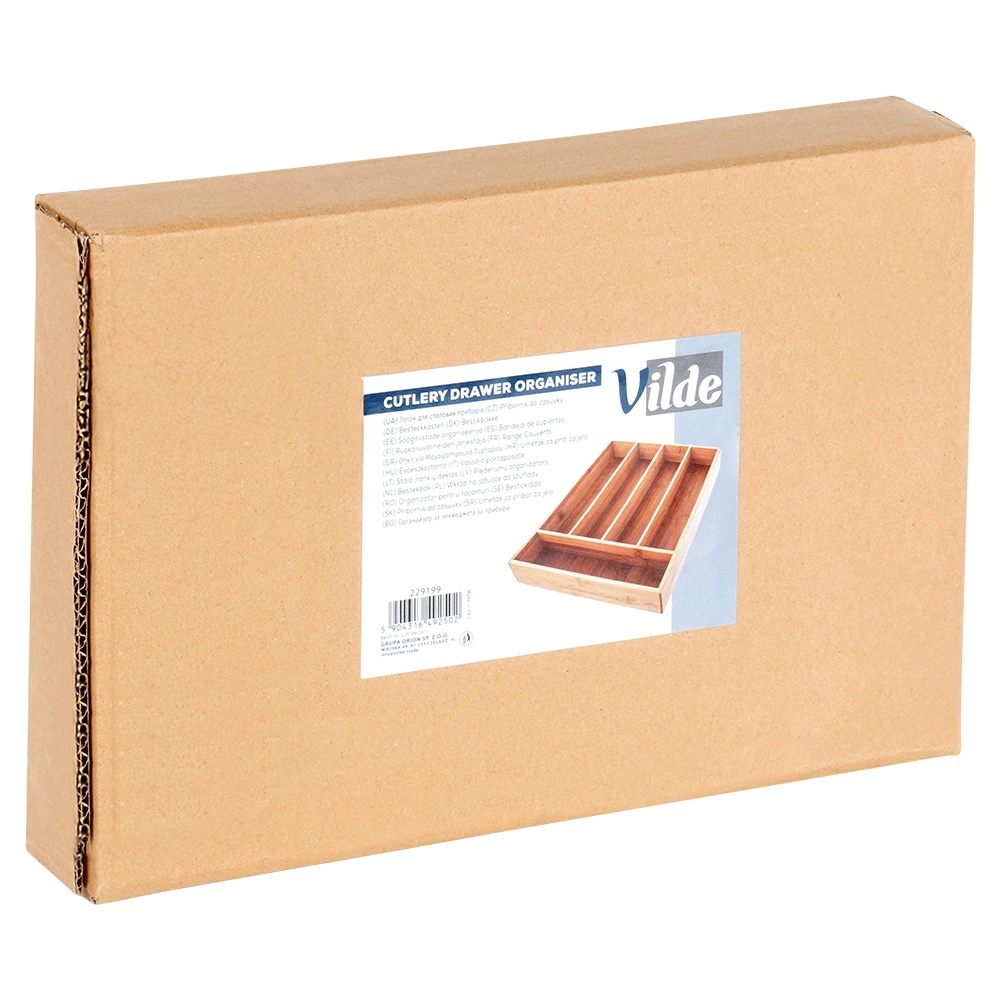 Tento praktický organizér z kvalitního bambusového dřeva udrží vaše příbory, nože a drobné kuchyňské pomůcky vždy na svém místě. 5 promyšleně rozdělených sekcí usnadní každodenní vaření a zajistí rychlý přístup k často používaným předmětům.
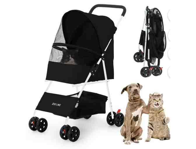 Zoolike 4 wheeled pet stroller for cats and dogs. Crafted from durable Oxford cloth, this pet stroller is water resistant and built to suppport pets up to 30 lbs.
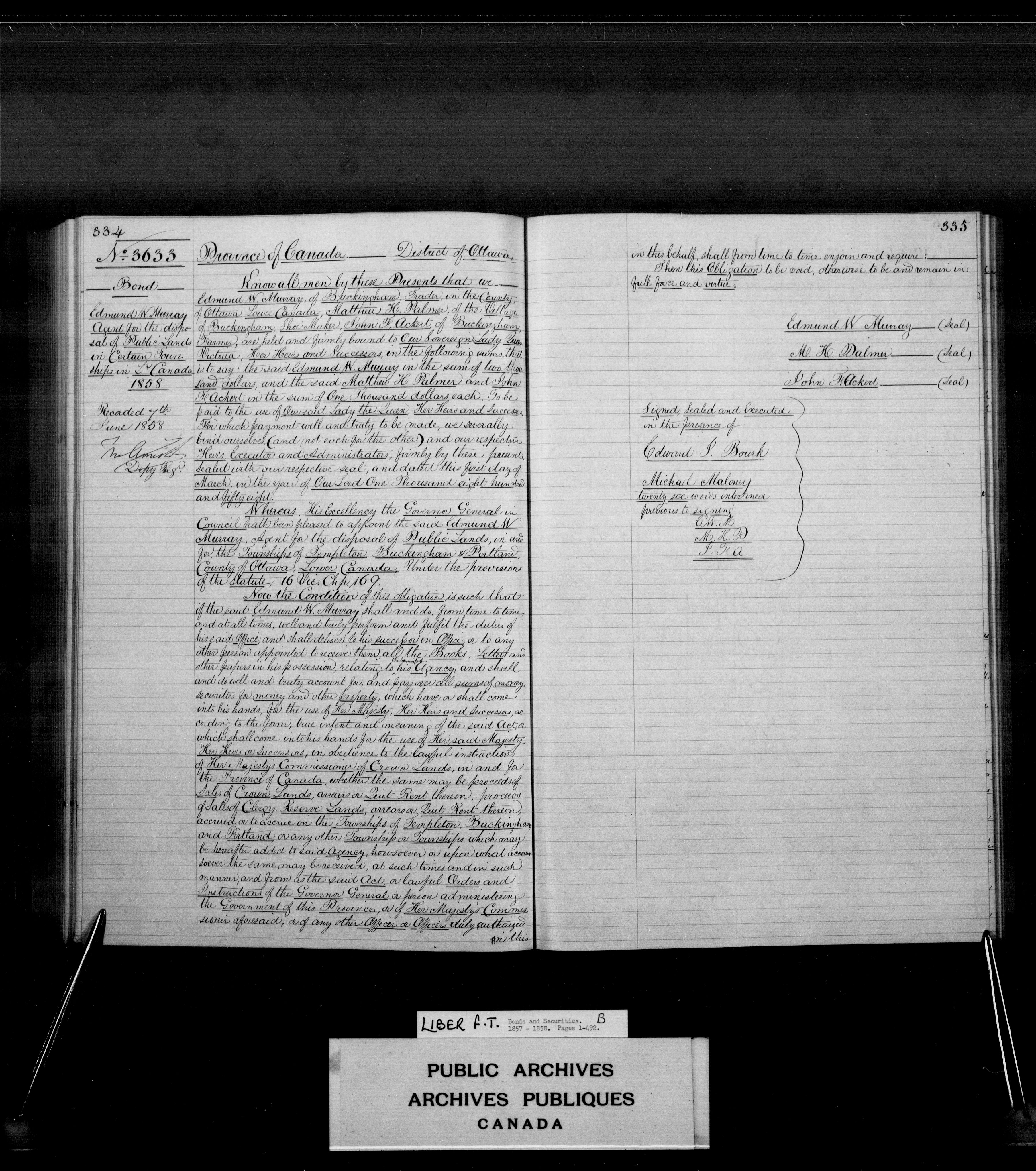 Bonds and securities Upper and Lower Canada, Province of Canada, and Canada - 3938

*****

▶ Problem description
Skip the pictures. Please copy exactly the lines from the one with "Zoolike 4 wheeled" through the final line of the material above, both ends included.

▶ Exercise solution
 Zoolike 4 wheeled pet stroller for cats and dogs. Crafted from durable Oxford cloth, this pet stroller is water resistant and built to suppport pets up to 30 lbs.
 Bonds and securities Upper and Lower Canada, Province of Canada, and Canada - 3938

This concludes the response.